The projects key stakeholders are:
AIM and OBJECTIVES
- Primary stakeholder: Target group (ie. Migrants)
- Secondary stakeholders: Shop owners, local leaders, labour contractors.
This group has a vested interest in reducing the HIV prevalence rate in their community/workforce. They sell socially marketed condoms (at a no-profit basis) and encourage the migrants to seek information and testing through the project.
- Tertiary stakeholders: government offices in the area, such as police stations, and electricity departments etc. If the project organizes big events, this group will support their work through handing out necessary permits
To prevent and reduce the further spread of HIV/AIDS/STI/STDs by generating awareness and prevention services among migrant labourers of selected labour points in Nagpur City.
- To saturate and increase utilization of Integrated Counselling and Testing Centres (ICTC), and STI care, support and treatment services among Migrants in Nagpur City.
- To scale up prevention activities regarding STI, HIV and AIDS to saturate (85 to 90%) coverage of high-risk groups and vulnerable populations through by initiating BCC (behaviour change communication) activities in Nagpur city.
- To promote the effective usage of condoms and ensure availability and accessibility of the same among the migrant population.
- To ensure the sustainability of the program in Nagpur city by building capacity of CBO, staff, various stakeholders and service providers.
- To create an enabling environment through Advocacy & Networking in the project area.
- To sustain behavioral change among high risk groups through communication initiatives.
Migrants have become aware of STI/HIV/AIDS
There has been a good response to the project’s health drive
There has been a good participation in community programmes
- Migrant youths have shown interest in becoming peer educators
- The project has been able to serve the majority of Nagpur’s migrants by covering the main construction sites in the city.

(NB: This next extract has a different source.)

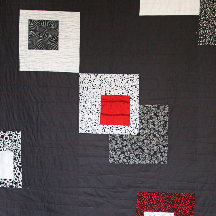 Detalle de quilt de patchwork moderno cuadrados imbricados negro blanco rojo

- Through the capacity building of ORW’s they are working to a high standard, spreading awareness on STI/HIV/AIDS to the community. They have become a ray of hope to the community.
Volunteers act as a link between migrant workers and use ‘Targeted Intervention’ (TI) methods to facilitate local participation.
Through the use of street plays, more people could be reached and higher numbers came for treatment in the health camp.
- Through a large entertainment event the project covered a large number of people who received massages on STI/ HIV/AIDS. Through the event the project introduced itself to a different migrant group, working as vendors in the Cotton Market area. Subsequently, they all benefited of an STI camp.
- Advocacy work has been done with local the government, health department, the corporate sector like RTO, Police, various school and colleges, and other government agencies for organizing various programmes.
- The project has built a strong network with other NGOs and government institutions working in the same field.
Lack of space to conduct health camps at the labour points
- Difficulties faced in organizing advocacy meeting.
- In order to provide adequate STI care it is crucial to treat both affected partners. However, the majority of the target group is single, which makes it very difficult to treat the sexual partner.
Testing Kits for HIV were not available in the ICTC centers, which meant that we could not achieve our target for HIV testing.
- Due to a lack of audio visual privacy, some clients cannot give proper information about their risk behavior.
- Refresher Training workshop for all staff.
- Refresher MIS training
- Updated Information on HIV/AIDS.
- Training on BCC
- Training on Documentation.
For the year 2013-2014, the project will retain its target of reaching 10000 people.